Watch the first-ever video of a Mars landing from NASA's Perseverance rover
- NASA's Perseverance rover recorded its descent to Mars and landing on Thursday.
- A video shows it descending, a parachute inflating, and a jetpack navigating the rover to landing.
- No Mars-landing operation has ever been captured on camera before.
NASA just released unprecedented video from its Perseverance rover.
The footage was recorded on Thursday as the robot plummeted to Mars, deployed a parachute, and navigated to a safe landing spot using a jetpack.
Landing on Mars is a high-stakes, high-speed feat, with only a 50% historical success rate. Perseverance managed to not only stick the landing but record the entire plunge with five ruggedized commercial cameras. (There were six, but one failed.)
The cameras captured over 23,000 images of the vehicle descending to Mars. NASA released the footage on Monday.
The three-minute video below is the first of its kind. No other spacecraft has captured itself descending to Mars.
"These videos and these images are the stuff of our dreams. It's what we've been dreaming about for years," Al Chen, who led the rover's entry, descent, and landing, said in a NASA briefing on Monday.
Engineers had equipped the rover with a microphone to record the landing, but it did not capture any audio.
What you're seeing in that video
Five cameras together recorded the rover's descent, starting as the capsule carrying Perseverance deployed a 70-foot-wide parachute as it fell toward Mars at about 12,000 mph.
Three cameras were trained on the parachute to capture it ballooning, though one of those didn't work. The parachute slowed the capsule's fall to about 150 mph - faster than a falling skydiver on Earth (sans parachute).
Then the capsule jettisoned its heat shield, exposing the rover's belly and a camera that surveyed the ground below. That camera showed the landing site in Mars' Jezero Crater growing larger and larger as the rover neared the ground.
About 3.5 billion years ago, rivers flowed into this ancient impact basin, feeding a lake that may have sustained microscopic alien life. Perseverance aims to explore the dried-up lake bed in search of fossils of ancient microbes. The cliffs of the river delta appear on the right side of the video.
About a mile above the Martian surface, the capsule dropped the rover with a jetpack strapped to its back. In the video, this maneuver produces a bright flash of light about two minutes and five seconds in.
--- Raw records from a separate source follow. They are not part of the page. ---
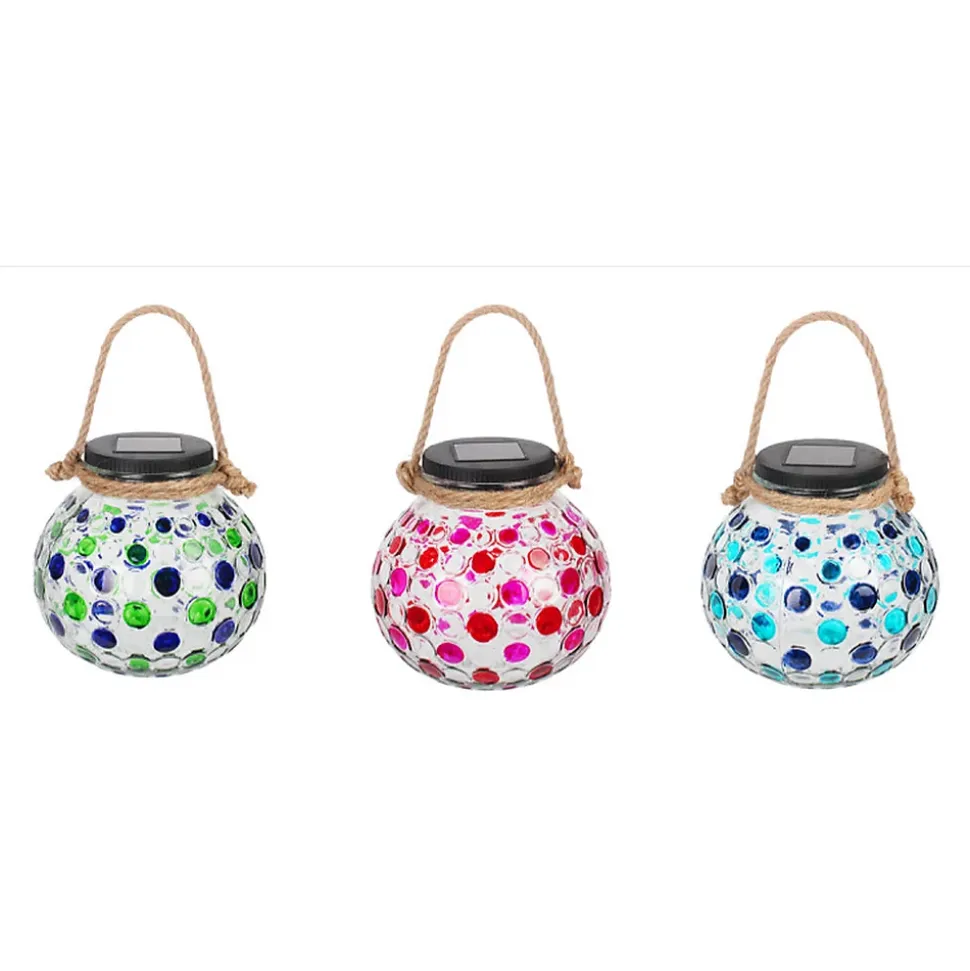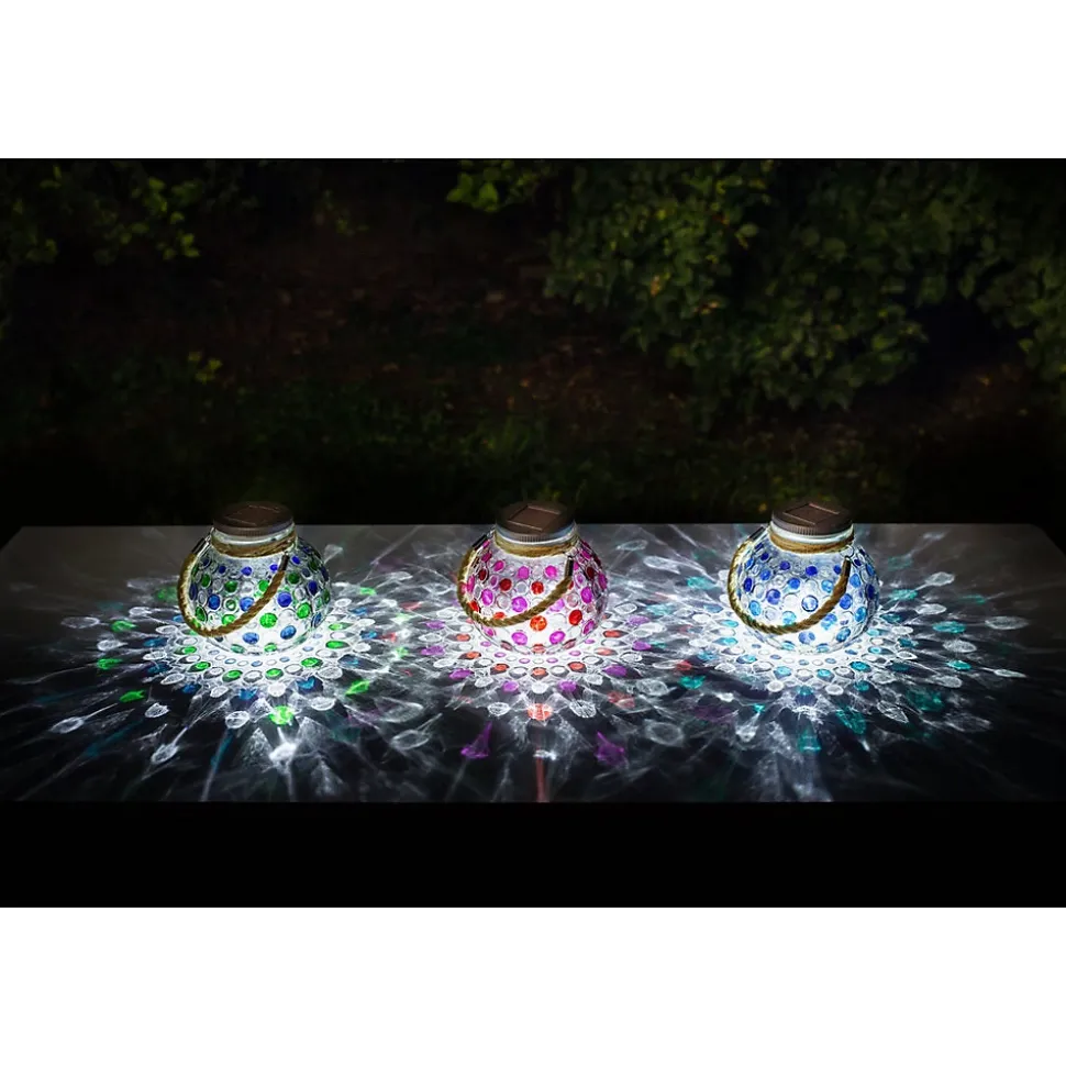 Lot de 3 décoration de table à énergie solaire – effet 3D(1 pièce par coloris : vert, rouge et bleu)Cette référence existe également à l’unité, voir les pages respectives.Matière : verreNombre de Lumens : 4Durée maximum d’éclairage : 8 heuresInterrupteur on,offLED : 1 LED blancheBatteries rechargeables : 1 x 200mAh Ni-Mh AADimensions produits : (voir le schéma technique parmi les images)H : 220 , 138 mm – Dia: 15 mm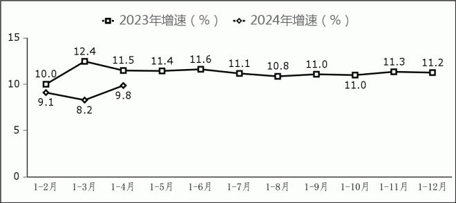 软件业务收入保持较快增长。1-4 月份,我国软件业务收入 3.8 万亿元,同比增长 11.6%。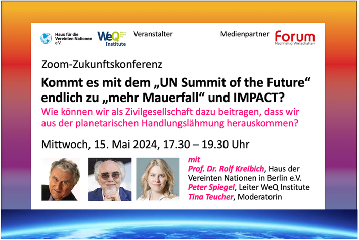 Dank der Idee von Bernhard Hanel haben wir jetzt alle und gemeinsam die Chance, Stimmgeberin und Geburtshelfer einer historischen Chance zu werden, ja, einer weltweiten Bewegung, die die „Generation Zukunft“ zum Weltthema Nr. 1 machen kann: die Initiative PRO FRIEDENSNOBELPREIS für die GENERATION ZUKUNFT.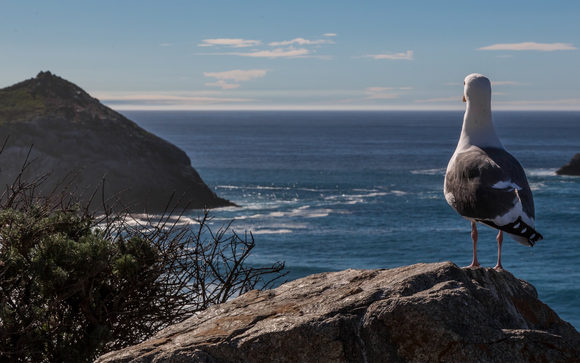 Die möwe steht auf einem stein und blickt auf das meerDie Möwe steht auf einem Stein und blickt auf das Meer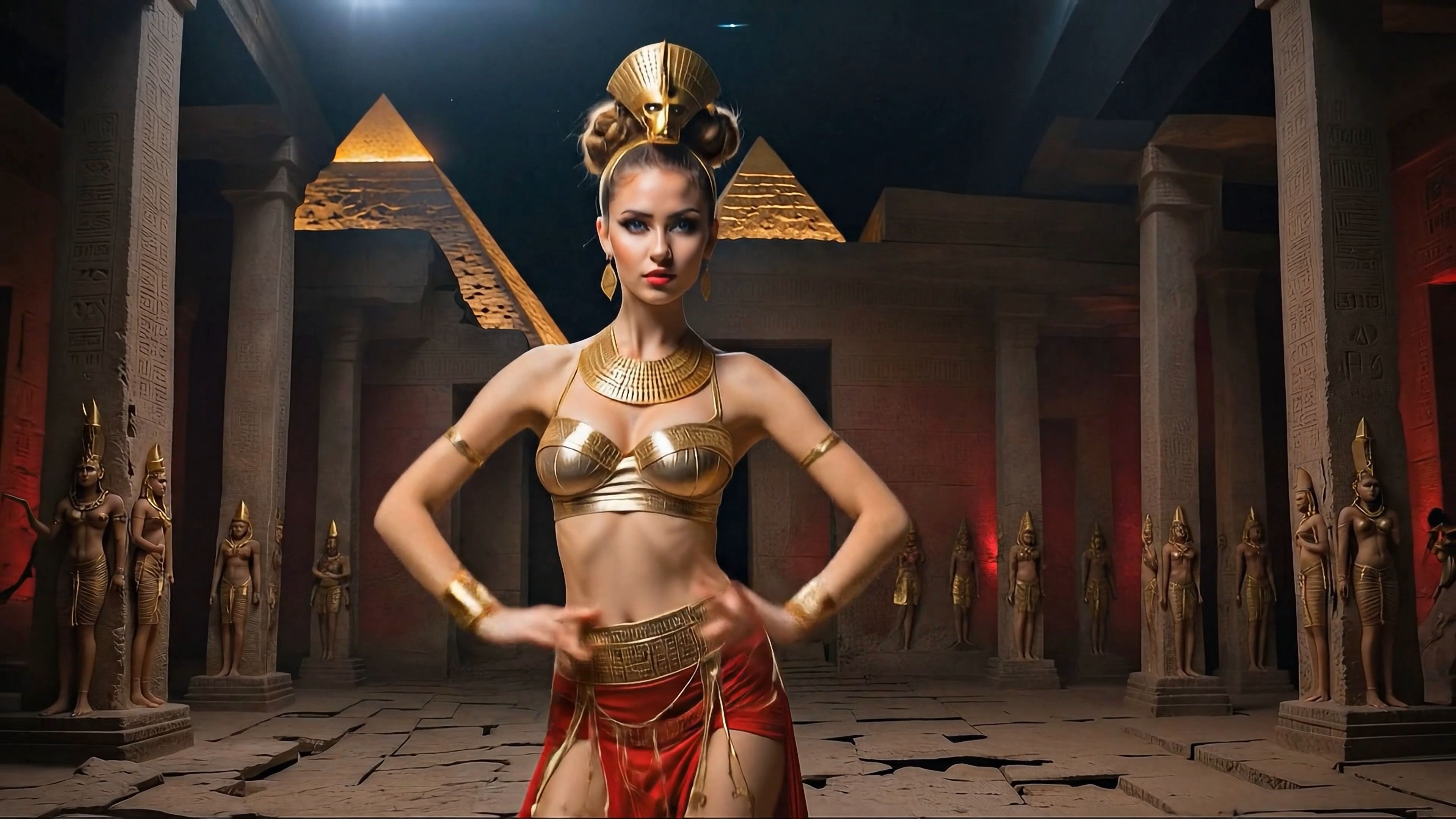 In the distant sands of time, where the Nile whispered secrets to the pharaohs, lived a beautiful dancer named Neferet. Her movements were like the gentle waves of the river—full of grace, mysterious, and hypnotic. The Great Pyramid was a powerful spacecraft, capable of interplanetary travel, powered by the energy of the stars and ancient magic. One night, under the silver glow of the moon, Neferet entered the interior of the Great Pyramid and performed an ancient dance in honor of the goddess Isis. In the whirl of her arms and hips, adorned with golden bracelets and a linen robe, she activated its hidden power. The Pyramid trembled, detached from the earth, and soared into the cosmos like a gigantic interplanetary ship. Suddenly, she found herself on an alien planet—Venus, shrouded in dense, golden clouds, where the air pulsed with heat and mystery. In the heart of this cosmic void stood an enormous hall in the shape of a pyramid, built from shimmering, otherworldly stone, with walls covered in hieroglyphs pulsing with pale light—an echo of ancient journeys between worlds. Undaunted, Neferet stepped into the center of the hall. Beneath the high vaulted ceiling, she began to dance. Her body moved to the rhythm of an invisible melody—her arms rose toward the sky like the flight of birds, her hips swayed in a hypnotic circle, her feet traced patterns on the floor, awakening echoes of ancient gods. Her golden ornaments gleamed in the rays of the Venusian sun filtering through the crevices, and her dance filled the hall with magic, connecting Earth's past with the cosmic present. In this dance, Neferet became the goddess of two worlds—a traveler from the pharaohs on the planet of love and mystery, where pyramids connected the stars.
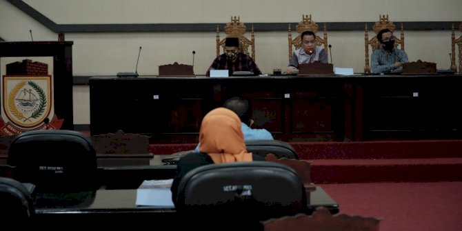 Rapat intern Anggota Pansus DPRD Kota Makassar dipimpin langsung Ketua Pansus Sangkala Saddiko didampingi Wakil Ketua Pansus Syamsuddin Raga besama Sekretaris Pansus Ray Suryadi Arsyad. Dengan tetap menerapkan social distancing, anggota Pansus nampak duduk berjarak sesuai dengan aturan yang telah ditentukan.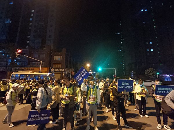凌晨3点半,鸭脖黄家湖校区的658名志愿者驱车20km,于凌晨5点抵达赛事现场,与青山校区的52名志愿者集结。各赛道入场处,检录组志愿者仔细核对参赛者信息并提供指引。距比赛开始半小时,人墙志愿者手拉手,将参与比赛的不同组别分隔开,以维持秩序。早晨7:30,半程马拉松正式鸣枪开跑,210名医疗志愿者每隔100米分别排开,随时待命,为路过的志愿者提供医疗救助。补给组则将饮料和矿泉水分发到每一个塑料杯,以方便跑者补充水分。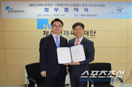 체육인재육성재단과 경기도수원월드컵경기장관리재단이 업무협약을 체결했다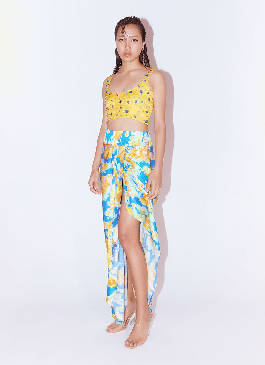 The Seashells Swarovski Blouse and Marigold Draped Skirt Co-ord crafted from our stunning Vegan Silk fabrication has Swarovski Embroidery resembling different shaped seas shells on a shore. Made in our stunning Marigold print, this is a trend setting piece. Featuring a Crop Top like blouse hand embroidered, sleeveless , this piece is versatile and easy to wear. The skirt has a side zipper. It can also be paired with our Marigold Organza Cape for a Indo-western look. Pair it with heels for an elegant look.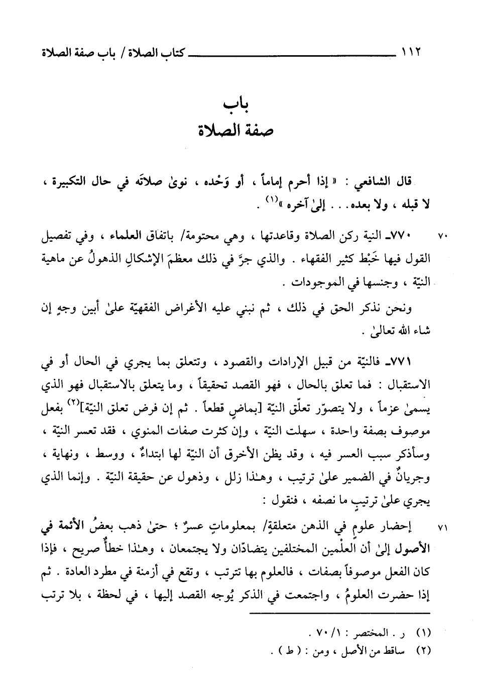 770 - النية ركن الصلاة وقاعدتها، وهي محتومة باتفاق العلماء، وفي تفصيل القول فيها خَبْط كثير الفقهاء. والذي جر في ذلك معظمَ الإشكالِ الذهولُ عن ماهية النيّة، وجنسها في الموجودات.

The jetpack fired its engines and steered Perseverance toward a safe, flat landing spot. The ground-facing camera showed Martian dust swirling as the jetpack approached.
A camera on the jetpack looked down at the rover, and another camera on the rover looked up at the jetpack. That camera watched the jetpack as it lowered the rover on 25-foot nylon cords until it touched the ground. Then the jetpack cut the rover loose and flew away to crash-land itself at a safe distance.
This entry, descent, and landing took just seven minutes - the "seven minutes of terror," as some engineers call it.
"I can watch those videos for hours and keep seeing new stuff every time," Chen said.
Before Perseverance, the closest NASA ever came to capturing video of a Mars landing was a stop-motion movie that Curiosity captured of the ground as it descended to Mars. In that footage, the only visible part of the landing is the heat shield falling away.
Perseverance is almost ready to film the first Mars helicopter flight
Perseverance is NASA's fifth and most sophisticated Mars rover. It launched from Cape Canaveral, Florida, in July and traveled nearly 300 million miles to reach the red planet.
The rover is poised to spend the next two years scouring the river delta of Jezero Crater for signs of ancient alien life. The water that once flowed into the crater would have deposited mud and clay where it met the lake. If there was microbial life on ancient Mars, it could have been trapped and immortalized in those mineral deposits.
But Perseverance's first steps are to make sure all its systems and scientific instruments are working. Over the next few weeks, mission controllers will oversee those checks and upgrade the rover's software to prepare it for its new life on Mars.
When that's done, the rover is set to drive to an open field, release a small helicopter called Ingenuity from its belly, and record video as the drone attempts the first rotorcraft flights on Mars. Two cameras on the bottom of Ingenuity are designed to record video too.
Ingenuity is scheduled for up to five test flights over 30 Martian days (31 Earth days). It's just a technology demonstration, but if all goes well, the flights could show that we have a new way to explore other planets.
Once Ingenuity has flown, Perseverance can set off on its two-year mission to explore Jezero Crater. NASA hopes the rover will collect its first rock sample this summer.